If Coty is open to paying more, it should have communicated a higher offer contingent upon a detailed look at Avon’s books, said Gregg Fatzinger, head of the consumer banking group at Nomura Securities International in New York.
“The cart was put before the horse,” he said in a telephone interview today.
Bids from other possible acquirers aren’t likely because direct-selling companies don’t offer much room to cut costs and their operations are so different, Fatzinger said.
Coty’s cash offer, which would help it triple sales and expand into emerging markets, was valued at $23.25 a share, almost 24 percent higher than Avon’s 20-day stock trading average at the time. Avon rose 0.1 percent to $21.60 at the close in New York. The shares closed at $19.36 on March 30, the day before the bid from New York-based Coty was announced.
When Avon called Liu-Er Chen, the Boston-based head of emerging market equity strategy at Delaware Investments, for his opinion on the Coty offer, he said the bid was too low, adding that the cosmetics company needed to focus on cutting costs if it wanted to increase value for shareholders.
“I’m fully aware of the mismanagement of Avon,” Chen, who oversees 14.5 million shares, said in a phone interview. “That’s how I bought it. That’s how the stock was cheap.”
While Avon’s profit has been shrinking, the cosmetics seller generated $11.3 billion of revenue in its most recent fiscal year, compared with $8.81 billion at rival Estee Lauder Cos., convincing investors that with new management, there is value to be had.
“It’s a tremendous property and a tremendous business, and I think they have a footprint most people would be envious of,” said Howard Hansen, the co-portfolio manager of the $35 million Linde Hansen Contrarian Value Fund, which holds Avon shares. “The issues have been more managerial.”
Hansen, who’s based in Florham Park, New Jersey, said he would be “very disappointed” if Avon accepted Coty’s offer.
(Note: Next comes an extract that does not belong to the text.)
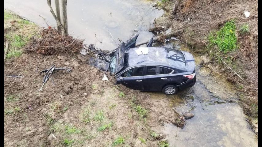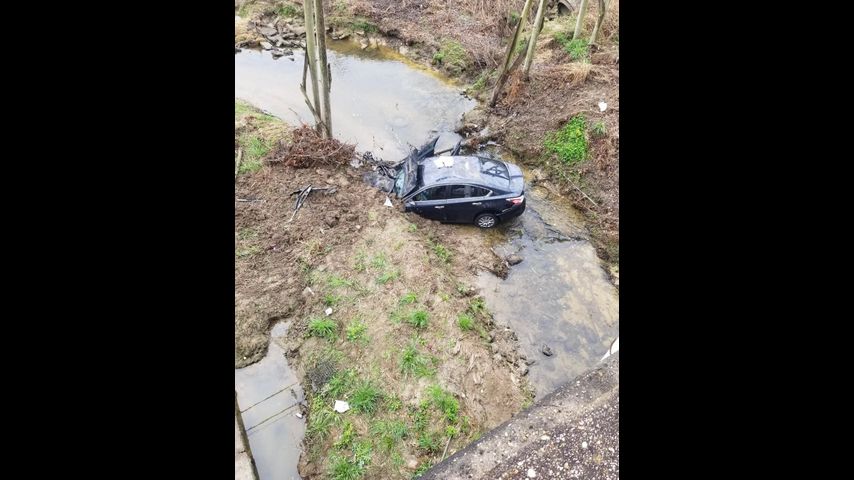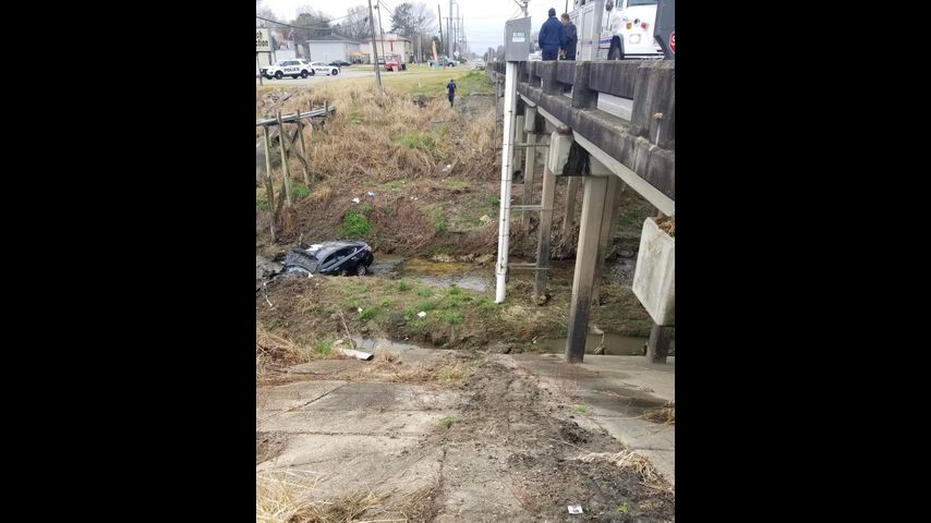 The Baton Rouge Fire Department said the car rolled down a steep embankment along Old Hammond Highway near Boulevard De Province and came to a rest upright in about a foot of water.

At a higher price, a combination of McCoy and executives from Coty may make for a more successful Avon, he said.
Strauss said he reached out to Avon lead independent director Fred Hassan, a managing director and partner at private-equity firm Warburg Pincus and chairman at Bausch & Lomb Inc., to let him know the offer price was too low.
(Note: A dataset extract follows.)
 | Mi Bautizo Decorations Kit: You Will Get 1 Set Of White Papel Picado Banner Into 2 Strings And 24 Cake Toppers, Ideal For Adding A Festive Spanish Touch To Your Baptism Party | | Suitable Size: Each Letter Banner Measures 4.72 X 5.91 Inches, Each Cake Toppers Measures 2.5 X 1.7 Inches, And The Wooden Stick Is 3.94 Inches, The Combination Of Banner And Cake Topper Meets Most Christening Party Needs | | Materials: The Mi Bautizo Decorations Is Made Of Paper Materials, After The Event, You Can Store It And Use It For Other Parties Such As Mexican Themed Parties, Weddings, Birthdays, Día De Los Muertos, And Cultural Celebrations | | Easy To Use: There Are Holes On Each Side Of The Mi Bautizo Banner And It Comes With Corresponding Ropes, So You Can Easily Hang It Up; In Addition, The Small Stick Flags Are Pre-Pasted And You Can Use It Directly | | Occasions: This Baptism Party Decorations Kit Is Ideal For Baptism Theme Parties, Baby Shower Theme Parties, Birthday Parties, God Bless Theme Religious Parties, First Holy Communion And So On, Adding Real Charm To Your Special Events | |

Hassan “is a good manager, a good steward, he will do what’s right,” Strauss said.
Hassan, lead director of Avon’s board since February 2009, is giving investors such as Strauss and Chen confidence that the company will only accept a strong offer. He established a name for himself by restoring Schering-Plough Corp. to profitability and selling it to Merck & Co. in 2009.
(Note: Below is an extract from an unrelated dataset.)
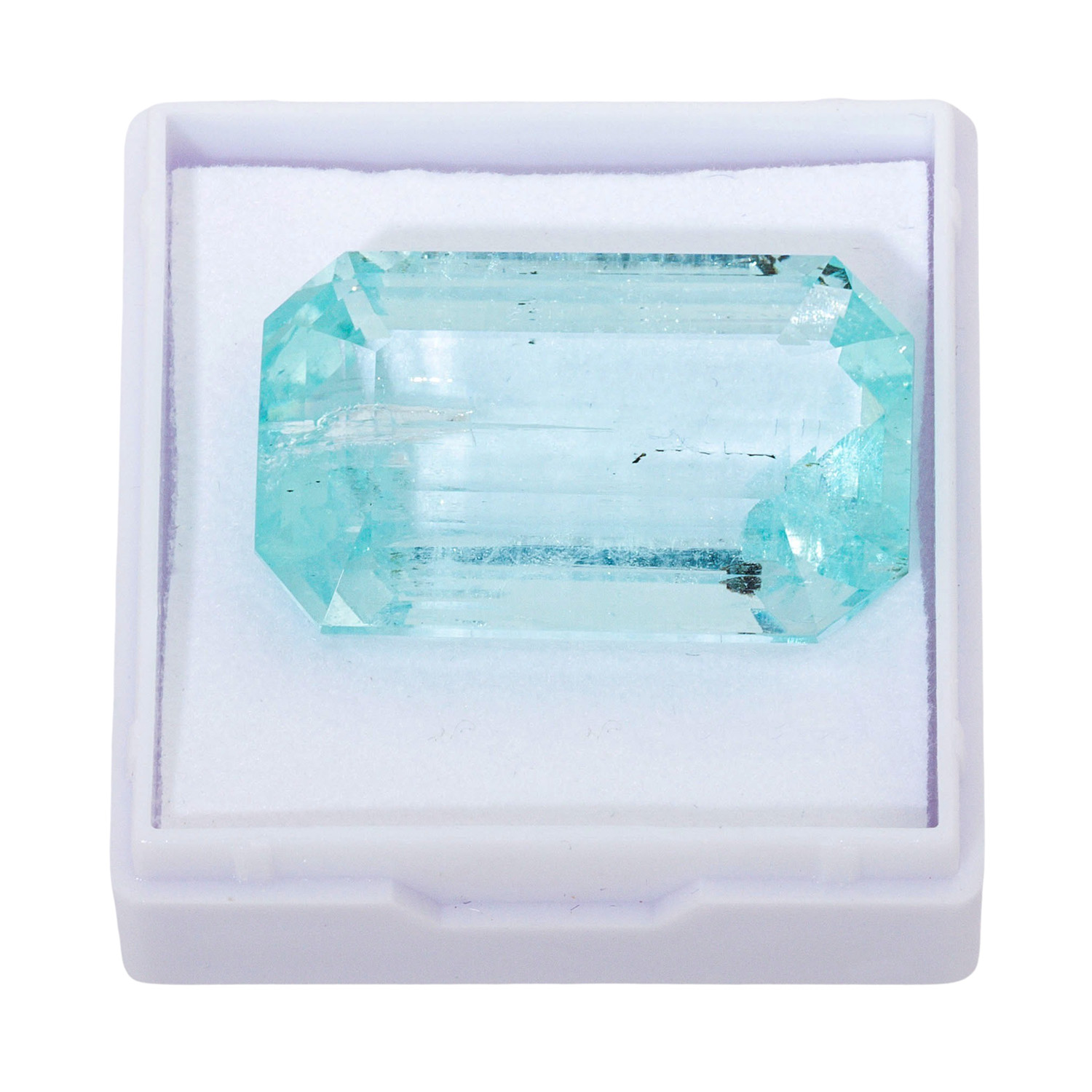 Emerald-cut aquamarine of c. 51.2 ct (27.7 x 12.5 x 13.5 mm), fine colour, nat. growth features, good condition. Replacement value: c. 30 € per ct. All stones without detailed gemological testing!

“If Coty has money, they should offer something like a $30 bid before Avon should open the books for them,” Chen said. “The Coty people are very smart and they should understand, even if they pay $30 or above, they get a great, great deal.”
While several shareholders said Coty’s offer is too low, Avon’s April 2 outright rejection rankled some investors.
Raymond Bragar, partner and founder of Bragar Wexler Eagel & Squire PC in New York, is preparing an amended consolidated complaint on behalf of five different shareholders, set to be filed in early May. He already filed a complaint from an individual shareholder this month.
“The new CEO certainly hasn’t publicly pushed the company to negotiate with Coty,” Bragar said. “One would think the new CEO would have a strong incentive not to negotiate with Coty because upon an acquisition, the new CEO would be most likely out of a position. All this works to the detriment of the shareholders who stand to make a significant profit on the stock if the merger were to go through.”
Don Wordell, an Orlando-based fund manager who oversees about $2.4 billion in the RidgeWorth Mid Cap Value Equity Fund, said he was happy with the amount of bid because it gave him the chance to sell Avon stock in line with the offer price.
“I would buy it back in the mid- to high teens, but not until I get some more clarity around what the new CEO’s game plan is for turning around Avon,” he said.